Mathematics learning is essentially a process of thinking. All thinking begins with the problem. Students' "questions" need to be artificially set, especially in the learning stage of new knowledge. By setting questions, teachers can make students face thinking difficulties, stimulate students' thirst for knowledge and stimulate their thinking. Therefore, the essence of classroom teaching is to ask questions. Compared with other subjects, questioning is more important in mathematics teaching. Whether the question is correct or not directly affects the realization of high efficiency in mathematics classroom teaching. In the new curriculum reform which takes students as the main body and cultivates creative thinking, how to effectively optimize classroom questioning is more important and prominent. This paper makes some discussions on this.

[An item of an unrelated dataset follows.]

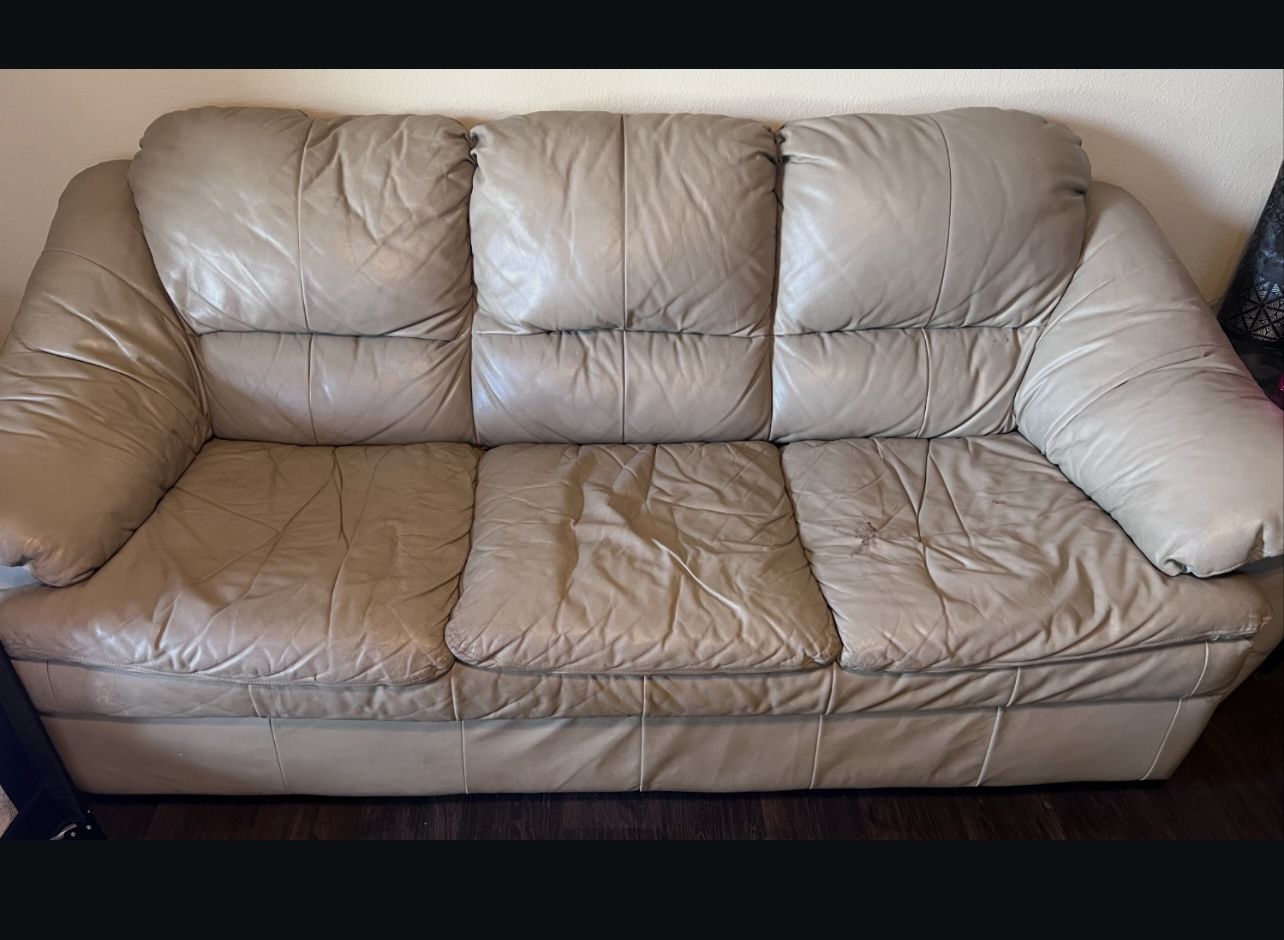 Used tan leather 3-seater couch in fair condition. Still super comfortable and sturdy. Has visible wear, creasing, and a small tear on one seat (shown in photo), but nothing that affects how it sits. Great for a starter apartment, game room, or man cave. PRICE NEGOTIABLE!

(A) the main problems existing in the current junior high school mathematics classroom questioning.
According to the survey results of "Research on the Effectiveness of Questioning in Junior Middle School Mathematics Classroom", the present situation of questioning in classroom teaching is not optimistic, and there are mainly the following problems:
1, the number of questions is too dense and there are too many repetitions.
The results of questionnaire survey show that most classroom questioning times account for 30% to 50% of classroom time, and the overall questioning frequency tends to be reasonable. However, there are also problems such as too many local questions and too many repetitions. In a paper, the author saw that in an open class, the teacher asked 56 questions in a 45-minute class, and in the five minutes of the "peak period" of a question, he asked 12 questions, with an average of 2.4 questions per minute; Around a certain teaching content, the teacher raised eight questions at once. Some of these questions are repetitive and have no thinking value, which leads to repeated teaching steps. It is not conducive to students' thinking exercise. If students are led by some trivial and meaningless questions, they will lose themselves and their own direction, which will affect the learning effect.
2. The direction of the question is not clear, which makes it difficult for students to answer.
A question must be accurate, specific and clear. Some teachers' questions are so vague that students cannot answer them. For example, when explaining rational number multiplication, after the students work out the result of "(-3)× 7", the teacher asks "What will be determined after the symbol is determined?" Students answer "results". "What else is there in the result besides symbols?" The students don't know how to answer. Another example is teaching "three-dimensional graphics in life". At the beginning of the class, the teacher showed boxes of various items and asked, "Can you classify these items?" Because the direction of the question is not clear, the students don't know where to answer it. The wording of such questions is not clear, which is not attractive to students, and it is difficult for students to understand and think, and it is also difficult to express.
3. The waiting time is short, and students don't have enough time to think.
It can be seen from the questionnaire survey that about 45% of the students think that the response time given by the teacher is "a little short". It takes time for students to answer questions, and the teacher stops in a short time, so the students' thinking can't enter the real thinking state. It often leads to starting without sending.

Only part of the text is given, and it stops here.